Miniimplantate haben einen Durchmesser von ≤ 2,8 mm und sind aufgrund dieser Dimension bis auf wenige Ausnahmen19 einteilig, so dass eine belastungsfreie Einheilung selten möglich ist. Sie wurden zunächst als provisorische Implantate zur Abstützung von Interims­ersatz unmittelbar nach umfangreichen Implantationen bzw. Augmentationen oder als Widerlager für kieferortho­pädische Bewegungen verwendet2. Nach bzw. wäh­rend der definitiven Versorgung der konventionellen Implan­tate oder nach Abschluss der kieferorthopädischen Therapie werden diese temporären Miniimplantate wieder entfernt. Praktisch tätige Zahnärzte vor allem in den USA verwendeten Miniimplantate seit Anfang der 1990er Jahre erfolgreich zur definitiven Abstützung bzw. Fixierung von festsitzendem und herausnehm­barem Zahnersatz bei sehr schmalen Kieferkämmen oder in engen Schaltlücken10. Daraufhin wurde der Implantattyp 1997 von der amerikanischen Food and Drug Administration (FDA) für diese Indikation freigegeben2. Seit Ende der 1990er Jahre werden Miniimplantate auch in Deutschland von niedergelassenen Zahnärzten vor allen Dingen zur Stabilisierung von herausnehmbaren Teil- und Totalprothesen benutzt. In den USA kommen sie in großer Zahl auch zur Abstützung von festsitzendem Zahnersatz zum Einsatz29.
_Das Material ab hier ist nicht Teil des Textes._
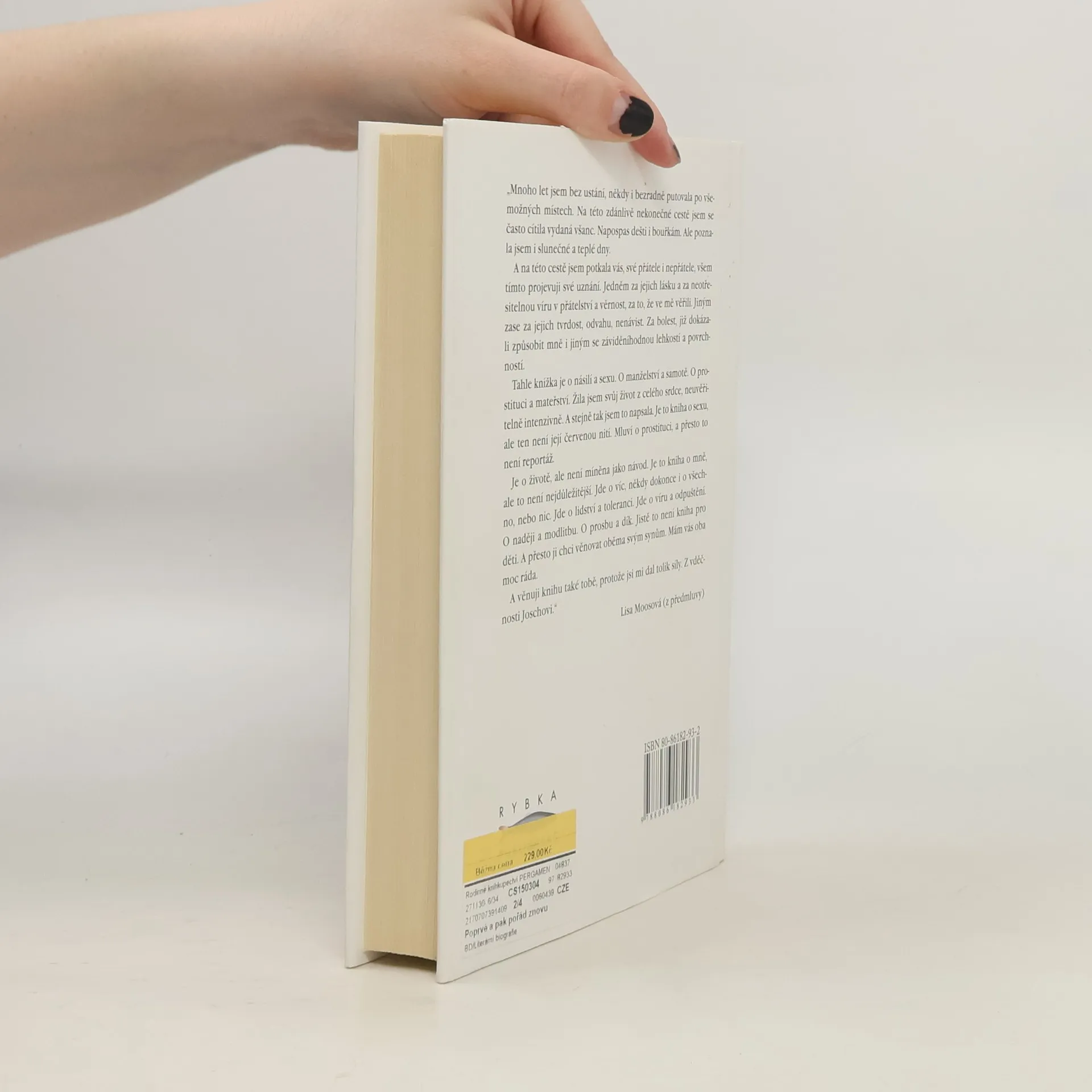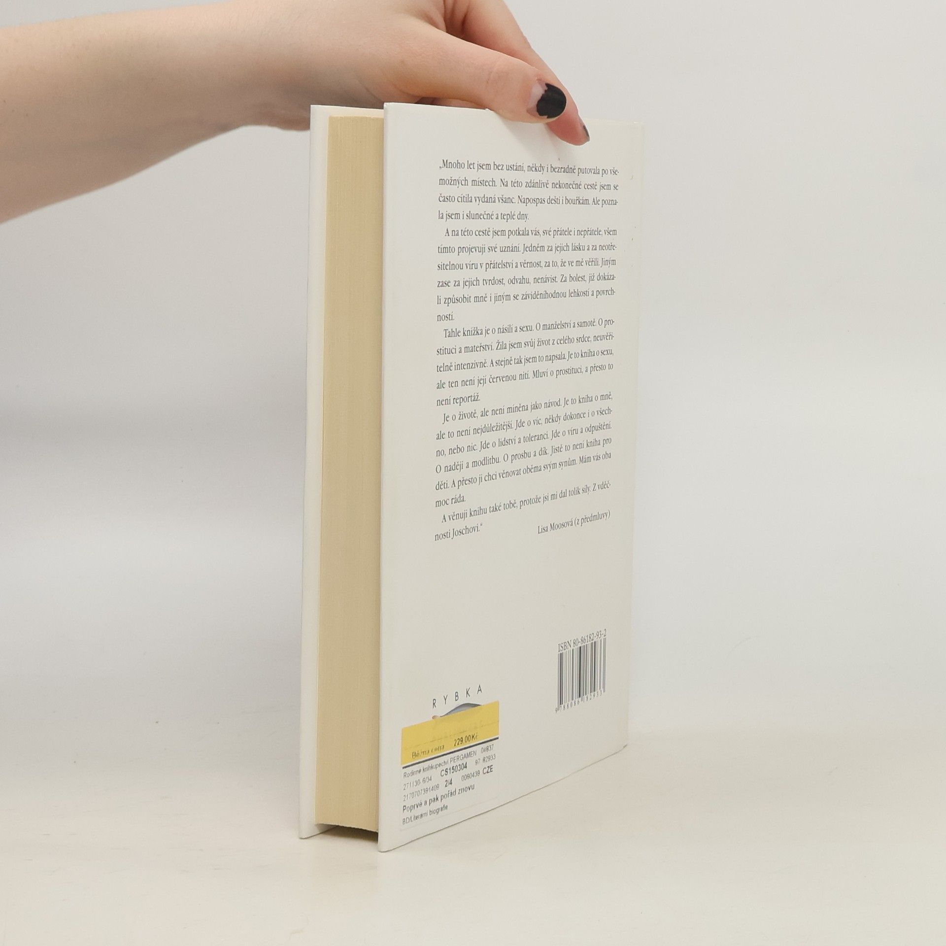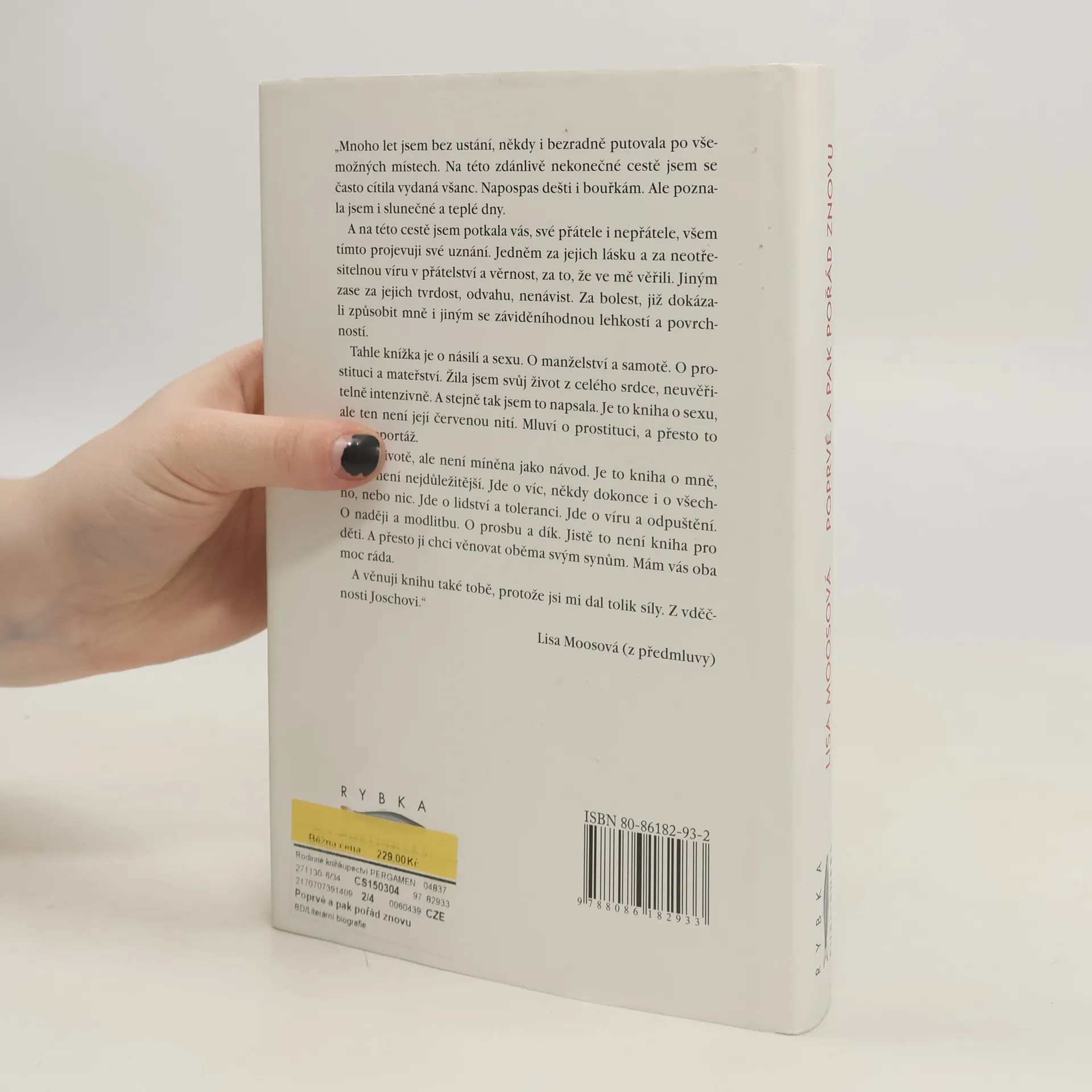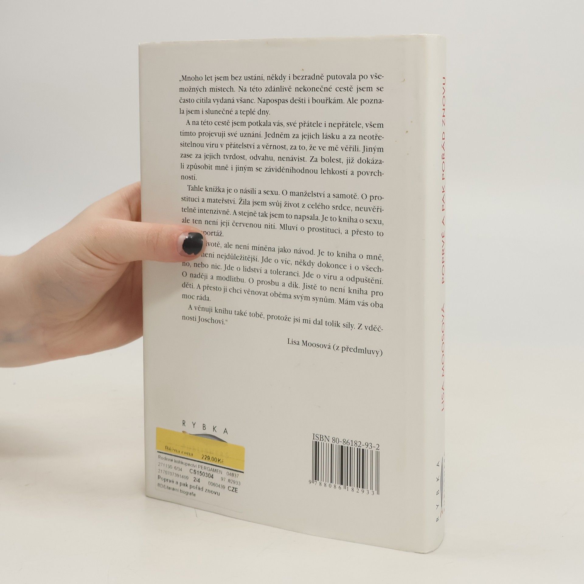 Když v květnu tohoto roku vyšla v Německu kniha Poprvé a pak pořád znovu, stala se okamžitě bestsellerem a její autorka rázem nejčtenější německou ženskou autorkou. Neobvykle otevřená výpověď Lisa Moosové, která se ve svých šestnácti letech ocitla ve světě prodejné lásky a která se nyní ve svých sedmatřiceti rozhodla vylíčit svůj mimořádně pohnutý osud, oslovila během jediného měsíce více než sedmdesát tisíc čtenářů. Přestože se autobiografický příběh Poprvé a pak pořád znovu odehrává převážně ve světě prostituce, jeho síla a čtenářská přitažlivost netkví pouze v otevřenosti líčení sexuálních scén, nýbrž i v lidskosti, odvaze a upřímnosti její autorky. Přes všechny pády, dramatické zvraty se Lisa Moosová nikdy nevzdala naděje a víry v opravdovou lásku, která jí jako ženu a matku provázela po celý život.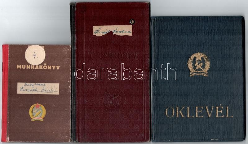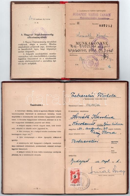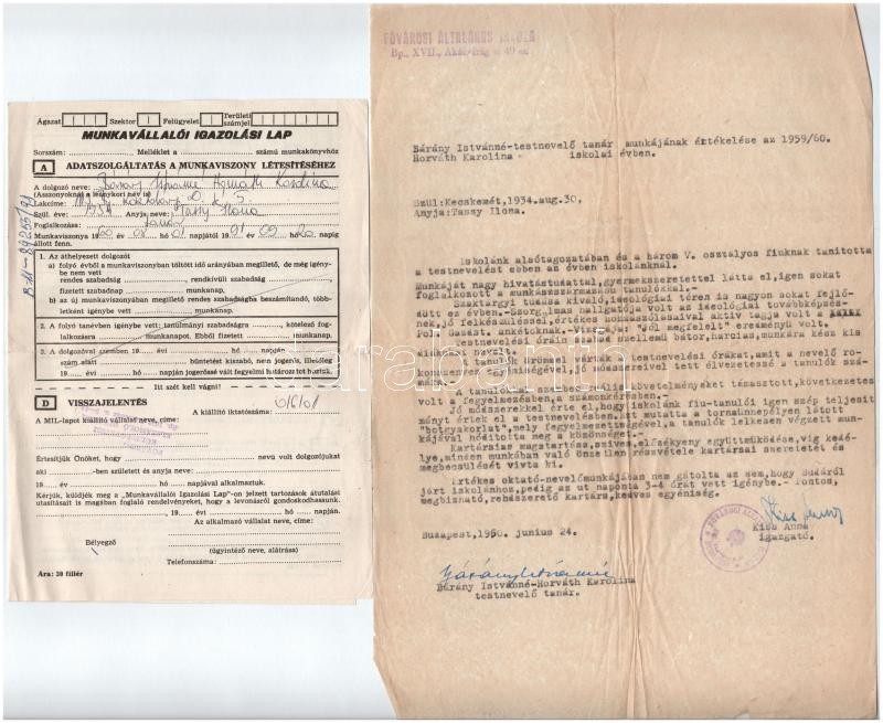 1952-1960 Testnevelő tanár iratai, 5 db: Testnevelési Főiskola leckekönyv és testnevelő tanári oklevél + munkakönyv, munkavállalói igazolás és értékelés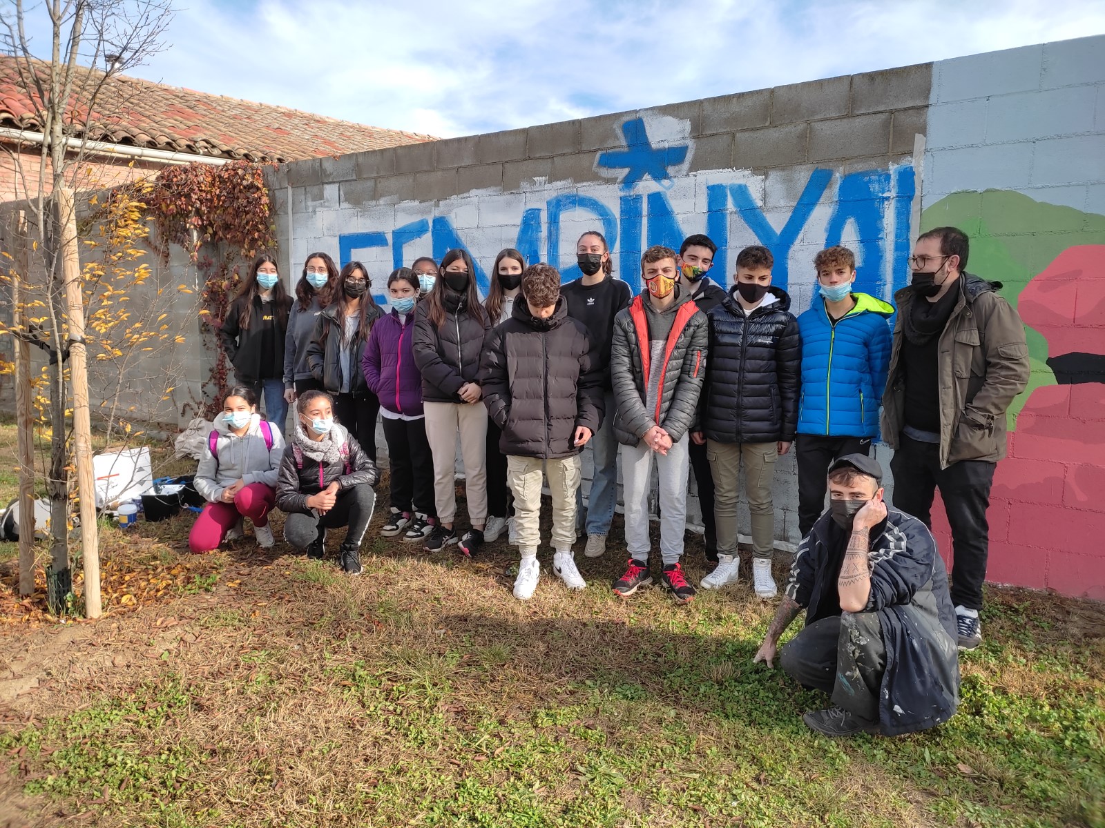 El passat dissabte al matí, un grup de quinze joves participants en l’espai participatiu d’adolescents, que el formen nois i noies de 1r a 4t d’ESO de tots els centres educatius de Manlleu, van pintar un mural al Parc del Rocòdrom amb el lema “Fem pinya!”, l’eslògan que els representa.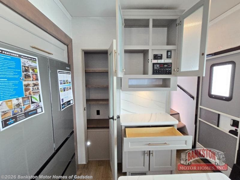 Search for the best views, the nicest RV park, or a place you haven't seen for years with this Paradigm in tow! There is a king bed slide in the master bedroom, a Smart TV, and a dresser with flip-up hidden storage for your belongings. The full bathroom offers a large residential shower, a porcelain toilet with a soft close seat, and storage for your linens, while the kitchen gives you two pantries, an island with a large undermount single basin sink and dishwasher prep if you want the option for easy clean up. You will also have a residential microwave and range, plus a 3.73 cu. ft. oven to make meals. When you're ready to relax for the evening, head to the rear living area to enjoy the dual recliner love seat across from the 50" Smart TV and fireplace!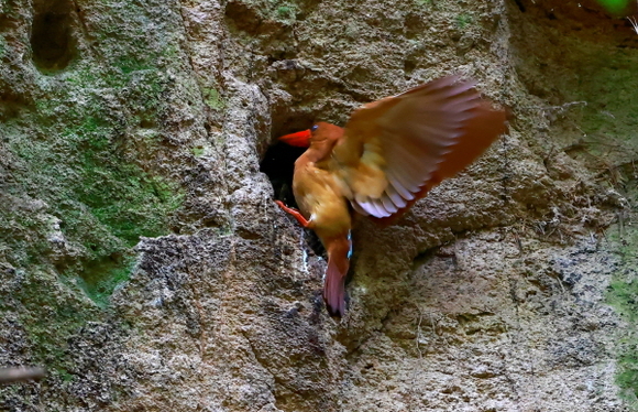 울산시는 지난 7월 20일, 울주군 상북면 한 계곡 흙 벼랑 구멍 속에 둥지를 틀고 먹이를 나르는 호반새 어미새 모습이 울산지역에서 활동 중인 윤기득 사진작가의 카메라에 관찰 기록됐다고 1일 밝혔다.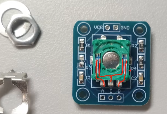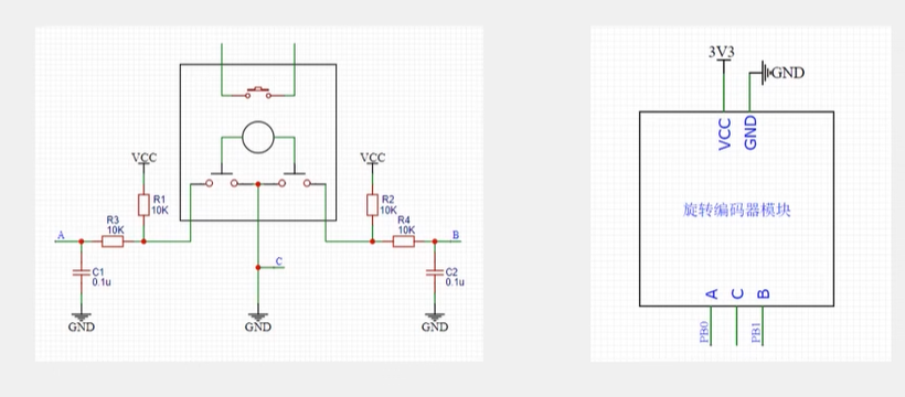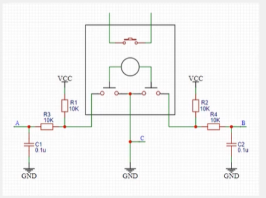 上面按键悬空,在圆形模块下方是编码器触点,旋转轴旋转时,这两个触点以相位相差90度的方式交替导通,而且要配合外围电路才能输出高低电平,在10k上拉电阻默认没旋转的情况下,这个点被上拉为高电平,通过R3这个电阻输出到A端口的也就是高电平,当旋转时,内部触点导通,那这个点就直接被拉低到GND了,在通过R3输出,A端口就是低电平了,R3时输出限流电阻,它是为了防止模块引脚电流过大的,C1是输出滤波电容,可以防止一些输出信号抖动,右边同理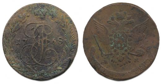 5 Kopějka 1768 EM, Jekatěrinburg Cr. 59,3_hr. ražbou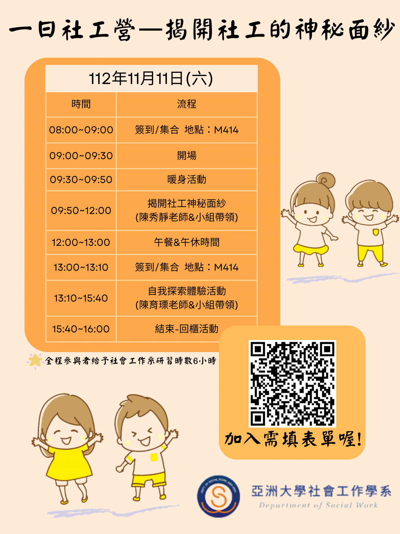 一、活動內容:一日社工營是以輕鬆的方式認識社會工作,非講授課程,將以小組討論、團體體驗活動、自我探索等方式,讓學生由外而內的更加認識社工行業與自己的決定。敬請將資訊轉發給有興趣的學生,讓高中職生有機會與大學社工系教師面對面探討何謂社會工作?社工在做些甚麼?社工與志工的不同?身為助人工作者的自我探索?本次活動全程免費,並會給予 6 小時的研習證書,歡迎盡速報名(112 年 11 月 8 日截止)。

Der Autor dieses Beitrages verwendet hauptsächlich Mini Dental Implants (MDI, 3M ESPE, Seefeld), die seit dem letzten Jahr von der Firma condent GmbH, Hannover vertrieben werden. Da 3M ESPE ihr Produktportfolio zukünftig auf andere Schwerpunkte konzentriert, erfolgt aktuell auch die Übertragung der MDI-Produktion auf die condent GmbH. Die MDI werden in verschiedenen Dimensionen sowie mit und ohne Kragen angeboten, damit sie in Abhängigkeit von der jeweiligen Knochenqualität bzw. -quantität und der Mukosadicke eingesetzt werden können (Abb. 1). Nach Vorgaben des Herstellers und entsprechend der Literatur werden für die Fixierung von totalen Prothesen im Oberkiefer sechs und im Unterkiefer vier Implantate empfohlen8-10,13,18,22,26,29. Beispielhaft soll die Versorgung bei einer zahnlosen Patientin dargestellt werden, die mit dem Halt ihrer totalen Unterkieferprothese unzufrieden war. Eine Panoramaschichtaufnahme mit Referenzmarkern ermöglicht die Einhaltung eines Sicherheitsabstandes von ca. 5 mm zu den Foramina mentalia. Als Referenzobjekt kann neben Titanhülsen in einem Duplikat der Prothese auch Klammerdraht (> 8 mm Länge) dienen, der in einem Bohrschacht an den Positionen in die vorhandene Prothese eingelegt und mit Wachs gesichert wird (Abb. 2).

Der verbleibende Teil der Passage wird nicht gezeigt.